University of Otago is Grabbing Atoms ~ Path to Quantum Technologies?

Otago physicists grab individual atoms in ground-breaking experiment

Key points excerpts…

+  In a first for quantum physics, University of Otago researchers have “held” individual atoms in place and observed previously unseen complex atomic interactions.

+  A myriad of equipment including lasers, mirrors, a vacuum chamber, and microscopes assembled in Otago’s Department of Physics, plus a lot of time, energy, and expertise, have provided the ingredients to investigate this quantum process, which until now was only understood through statistical averaging from experiments involving large numbers of atoms.

“Our method involves the individual trapping and cooling of three atoms to a temperature of about a millionth of a Kelvin using highly focused laser beams in a hyper-evacuated (vacuum) chamber, around the size of a toaster. We slowly combine the traps containing the atoms to produce controlled interactions that we measure,” says Associate Professor Mikkel F. Andersen of Otago’s Department of Physics.

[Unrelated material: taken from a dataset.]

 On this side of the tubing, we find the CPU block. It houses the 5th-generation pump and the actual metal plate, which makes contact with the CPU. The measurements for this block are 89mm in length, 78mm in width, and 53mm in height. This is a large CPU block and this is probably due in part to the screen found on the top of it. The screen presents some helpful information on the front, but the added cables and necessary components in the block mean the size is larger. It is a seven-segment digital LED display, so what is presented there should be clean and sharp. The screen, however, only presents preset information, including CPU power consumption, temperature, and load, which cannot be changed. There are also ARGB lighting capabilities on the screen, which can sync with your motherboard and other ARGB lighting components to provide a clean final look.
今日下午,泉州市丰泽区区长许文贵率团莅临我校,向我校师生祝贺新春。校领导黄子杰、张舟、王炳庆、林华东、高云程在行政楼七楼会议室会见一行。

+  The researchers were able to see the exact outcome of individual processes, and observed a new process where two of the atoms leave the experiment together. Until now, this level of detail has been impossible to observe in experiments with many atoms.

+  Associate Professor Andersen admits the technique and level of detail can be difficult to comprehend to those outside the world of quantum physics, however he believes the applications of this science will be useful in development of future quantum technologies that might impact society as much as earlier quantum technologies that enabled modern computers and the Internet.

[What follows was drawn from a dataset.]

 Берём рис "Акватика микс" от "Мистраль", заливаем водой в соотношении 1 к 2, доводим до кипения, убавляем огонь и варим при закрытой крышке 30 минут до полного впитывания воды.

+  “Research on being able to build on a smaller and smaller scale has powered much of the technological development over the past decades. For example, it is the sole reason that today’s cellphones have more computing power than the supercomputers of the 1980s. Our research tries to pave the way for being able to build at the very smallest scale possible, namely the atomic scale, and I am thrilled to see how our discoveries will influence technological advancements in the future,” Associate Professor Andersen says.